Everybody was staring at me and I didn’t blame them: I’m on this funny bike, dressed in full Lycra, sweating like crazy, and clearly not from these parts.

I asked her, in Malay, “Do you sell water?”

She replied politely, and told me she didn’t, but a shop down the road did.

Then the woman who said I didn’t speak Malay had a nice recovery, “Just down here, on your right,” she clarified, in perfect English.

I bought 1.5 litres for RM2 which is about USD 50 cents. It was from the fridge, but still warm, but I didn’t care. I was just happy to have water.

Bike in front of shop in Desaru, Malaysia
There’s my warm water, on the wall behind the bike

I refilled the bike’s bottle and poured the rest in the rear bottle. Normally I don’t dilute my nutrition – I don’t like to change my rate of consumption too much – but in this case I needed to pack out all 1.5 litres either on my bike or in my body.

Soon I went for the normal gels (not liquid). I had brought only three flavours: Salted Caramel, Chocolate Outrage, and Tri-Berry (I bought this one just for the name). Each had 20mg of caffeine, but I couldn’t perceive any of that.

Huge range of GU energy gels
GU has a massive range of flavours. I challenge you to try all of them. Credit: GU

While I did look forward to the gels, I do think they are quite a bit sweeter than necessary. That said, GU has a tremendous range of flavours, and their site even categorizes them accordingly: Sweet, Chocolatey, Fruity, Salty, Bitter, and No Caffeine.

Presumably to celebrate 25 years of GU? Credit: GU

I would really love to try some of the bitter flavours like hops, Chai Latte, or Cold Brew Coffee. On the topic of flavours – GU has to be one of the most innovative brands out there. Here are some of their crazy variations:

  • Hoppy Trails
  • French Toast
  • Birthday Cake
  • Campfire S’mores
  • Toasted Marshallow

Post-Ride

After the ride, I mixed up a Chocolate Smoothie Roctane Ultra Endurance Protein Recovery Drink Mix and downed that followed by the Stroopwafel, Salted Chocolate flavour.

GU Roctane Protein
This stuff tasted great. Credit: GU

The protein tasted great, even without ice or milk. It’s 230 calories, 20g of protein, 230mg of sodium, 30g of carbs, 100mg of calcium, 200mg of potassium, and 40mg of magnesium. So that’s quite substantial and none of those extra electrolytes will hurt.

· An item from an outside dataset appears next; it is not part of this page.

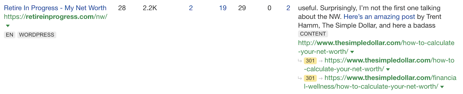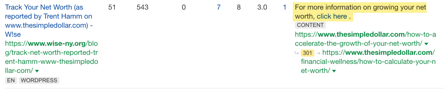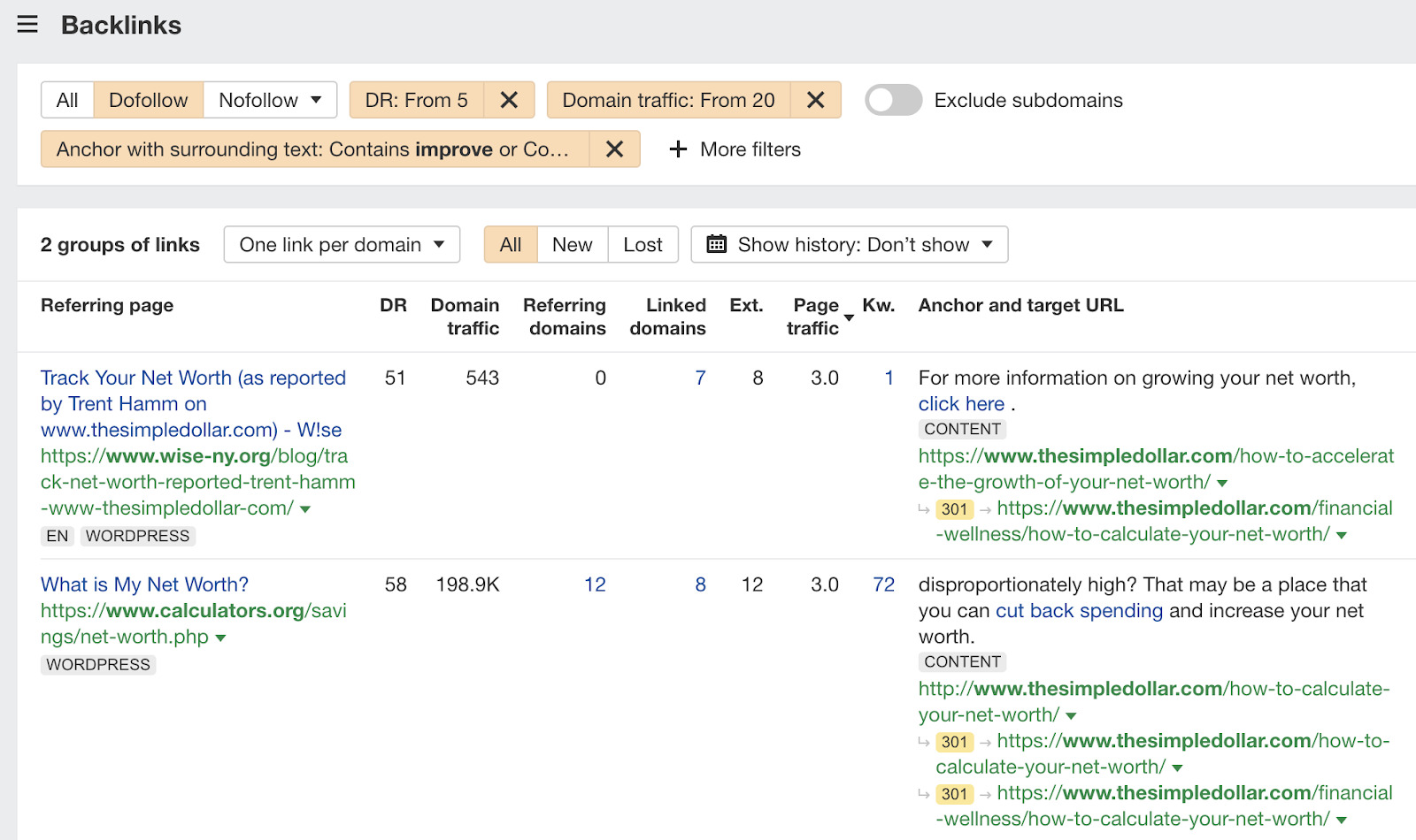 识别深层链接可帮助你创建引人注目的替换页面,因此请记下它们以及出于相同原因链接的人数。透过在外链报告中搜索锚文本或周围文本中的相关“足迹”找到它。

The Stroopwafel tasted OK, but wasn’t really as good as what I’d had in Amsterdam. Maybe GU is getting too creative with the flavours and so my expectations were different. Still, that was 140 much-needed calories along with 450mg of amino acids and 150mg of sodium.

I topped it all off with a GU hydration tablet (320mg of sodium) and a lot more water.

Immediately after this ride I wasn’t as wrecked as I have been most times. And despite not eating lunch (only the aforementioned recovery supplements) I was able to play in the blazing sun for 2 hours with my kids – smashing into waves at the beach – without feeling like I was atrophying into a useless sack of skin and bones.

What I likedWhat I didn’t like
The calorie figures are round numbersThe gel is way too sweet for me
A crazy array of gel flavoursThe Chews are really hard to open
The Energy Drink Mix is not too sweetRoctane is a bit expensive
Multiple forms of the same thingThere’s no sodium-heavy product I can use on the run

Would I buy it and use it as my default endurance fuel?

Yes, I would, and may do so. The range of flavours and forms (gels, chews, mixes, waffles) make it such that you’re probably never going to get bored with them. I’ll steer clear of the Liquid Gels simply due to their bulk.

However, I’d have to continue using sodium capsules on the run to keep up with my heavy sodium needs (in excess of 1,400+mg per litre of sweat).